Annisa tampak ragu untuk mengangkatnya.
"Angkat nggak ya, kalau nggak angkat. Nanti ibu marah terus ngerasa aku ini anak durhaka. Tapi kalau di angkat, Annisa khawatir ada hal penting yang nantinya malah buat Annisa jadi susah sendiri. Dia beneran nggak mau kalau ibu nya meminta sesuatu lagi."
Ia benar-benar dibuat pusing sama masalah yang lagi dia hadapi. Ia menghela napas kasar dan menggeleng kecil.
"Tapi ... nanti aku mau pergi sama yang lain. Jadi, kayaknya aku nggak boleh ganggu acara nanti sama teleponan dari ibu deh. Iya ... kayaknya emang aku harus angkat."
Annisa berdoa dalam hati, berharap ibunya hanya bertanya kabar pada dirinya dan nggak ada lagi urusan sama uang.
"Assalamu'alaikum bu."
/Kamu sengaja ya, angkatnya lama! kamu enak di sana tapi buat angkat telepon ibu aja susah! dasar anak durhaka! gak tau diuntung kamu!/
Annisa memejamkan mata. Selalu saja begini. Ibunya selalu mengatakan yang dia mau tanpa memikirkan perasaan dia sama sekali.
"Bu .. maaf ini mah, tapi aku tadi ada kerjaan," dusta Annisa. "HP nya aku tinggal di kamar. Jadi, aku nggak denger sama sekali. Udah lah ... jadi ibu ada apa nelepon aku? ibu butuh sesuatu?" tebak Annisa dan ibunya di seberang sana langsung tertawa.
"Kamu memang selalu tahu apa yang ibu lagi butuhin. Jadi gini nak ... kamu kan udah jadi orang kaya dan ibu jadi dapet bulanan yang lumayan gede tiap bulannya. Tapi sekarang ibu lagi butuh sesuatu. Kamu mau kan bayarin nya?"
"Bu ... yang kaya kan suami aku. Jadi, aku nggak bisa setujuin permintaan ibu sama sekali. Maaf ya bu. Tapi ini beneran nggak bisa banget."

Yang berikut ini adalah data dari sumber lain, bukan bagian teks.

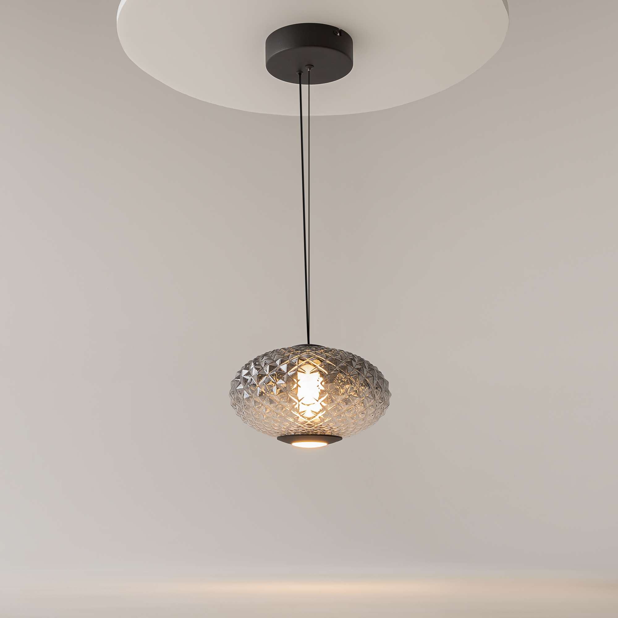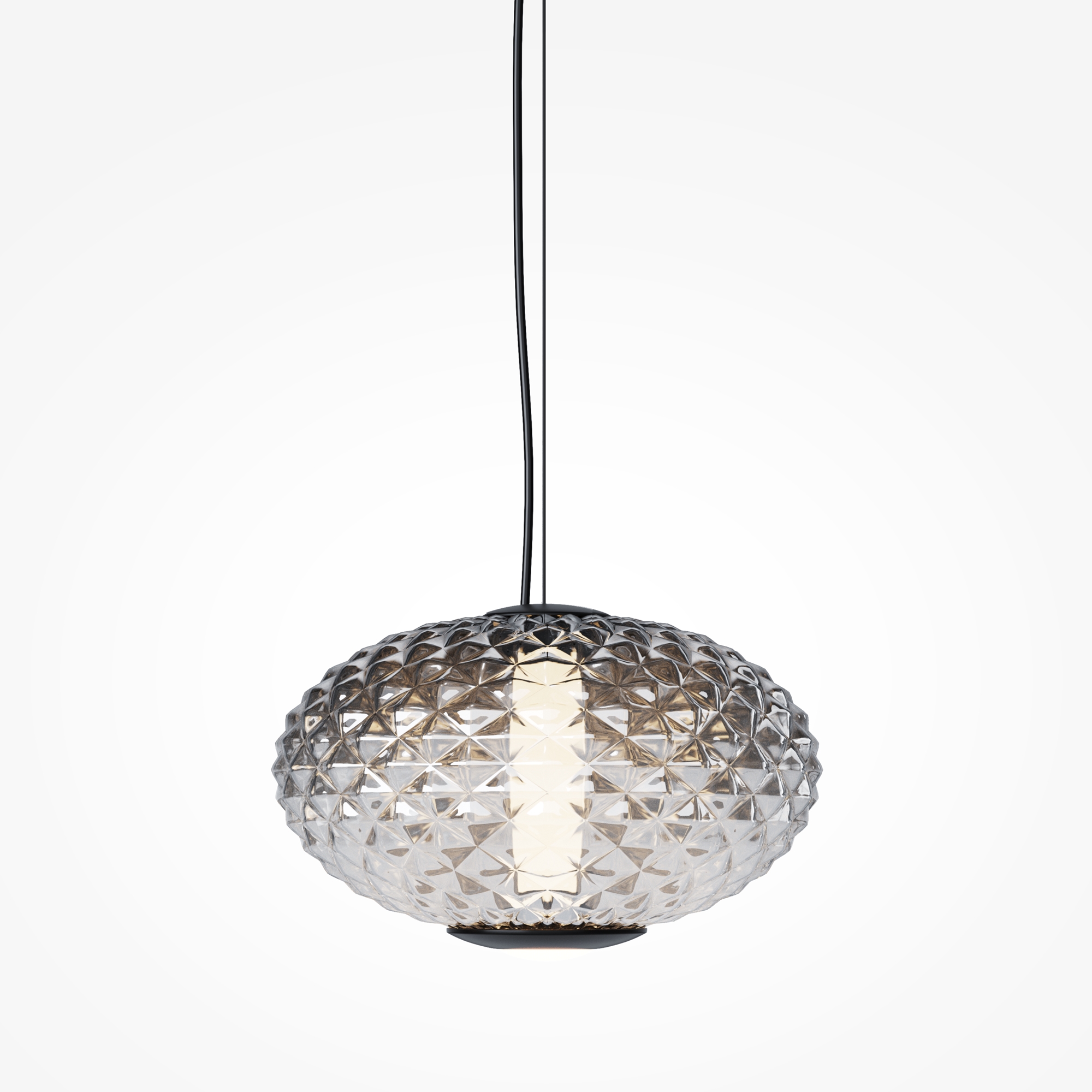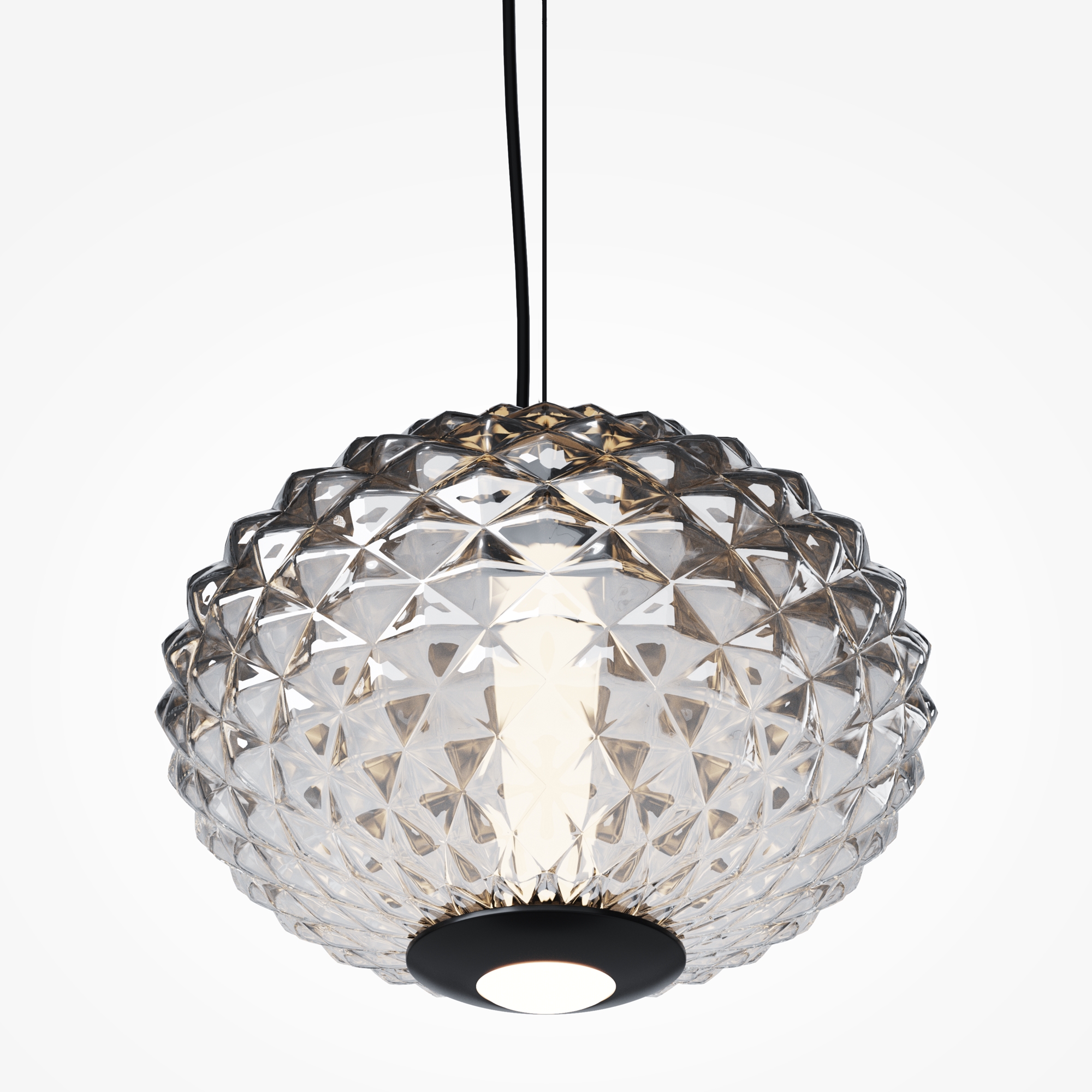 Подвесные светильники серии Bruma представлены в двух дизайнах: арматура глянцевый хром с белым стеклянным плафоном с нанесённым изнутри рельефом; черная арматура с антибликовым покрытием и черный плафон с наружным рельефом. Градиент на стекле от белого или черного к прозрачному. LED-источник света (3000K) имеет два направления: рассеянный и направленный.  Подвесные светильники Bruma дополнят большинство современных интерьеров как в качестве одиночного акцента, так и в композиции друг с другом.
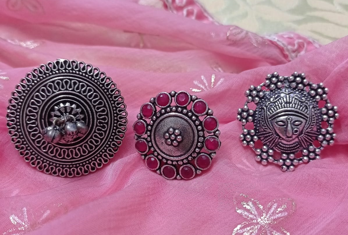Set Of 3 German Silver-Adjustable Finger Rings
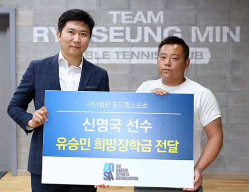 사단법인 두드림스포츠의 유승민 IOC(국제올림픽위원회) 위원이 장애인체육회 소속 신명국 탁구선수와 엘리트꿈나무선수에게 장학금 전달식을 갖고 격려했다.

"Dih ... dasar pelit banget! uang suami kamu tuh ya uang kamu juga. Jadi, nggak ada alasan kalau kamu nolak apa yang ibu mau. Awas aja kalau sampai nolak! ibu ceritain ke semua orang tentang penyimpangan kakak kamu!"
"IBU!"
Annisa berusaha meredakan emosinya yang menggebu. Dia beneran sangat benci di saat ibunya selalu saja ngomong kalau penyimpangan yang terjadi di kakaknya akan di cerita kan. Karena ibunya sangat tahu, kalau Annisa berusaha untuk menyembunyikan masalah ini.
Bukan apa ...
Tapi, kalian tahu kan omongan para tetangga? Sampai detik ini terkadang Annisa ingin kakaknya bisa kembali seperti dulu. Bahkan kalau nanti mereka bertemu, ingin rasanya Annisa mengajak kakaknya untuk kembali ke jalan yang benar.
Makanya, Annisa selalu ketakutan kalau ibunya sudah mengancam seperti itu. Dia nggak mau kakaknya itu sampai berjalan ke arah yang salah. Dia beneran nggak mau kehilangan sosok kakaknya. Walau di sisi lain dia juga benci sama kakaknya.
"Diam kan kamu ... makanya mikir dulu. Udah lah, ibu butuh uang. Ibu punya keperluan. Jadi cepet transfer ke ibu. Bilang ke suami kamu kalau uang bulanan kemaren aja kurang. Jadi, ibu butuh lagi ..."
"Bu!"
"*Berisik ... nggak usah teriak lagi. Dari pada capeknya diri dengan teriak, mendingan kamu cepetan transfer ke ibu."
Annisa menepuk wajahnya dan menghela napas kasar.
"Bu ... hayolah, jangan kayak gini. Aku jadi nggak enak sama mas Bram. Ibu udah dikirim banyak uang sama mas Bram. Masa semuanya jadi kurang sih? Ayolah bu. Jangan boros. Mas Bram udah kasih banyak hal yang ibu mau. Masa ibu mau nguras semuanya lagi? malu bu ... dan aku beneran gak enak banget sama mas Bram."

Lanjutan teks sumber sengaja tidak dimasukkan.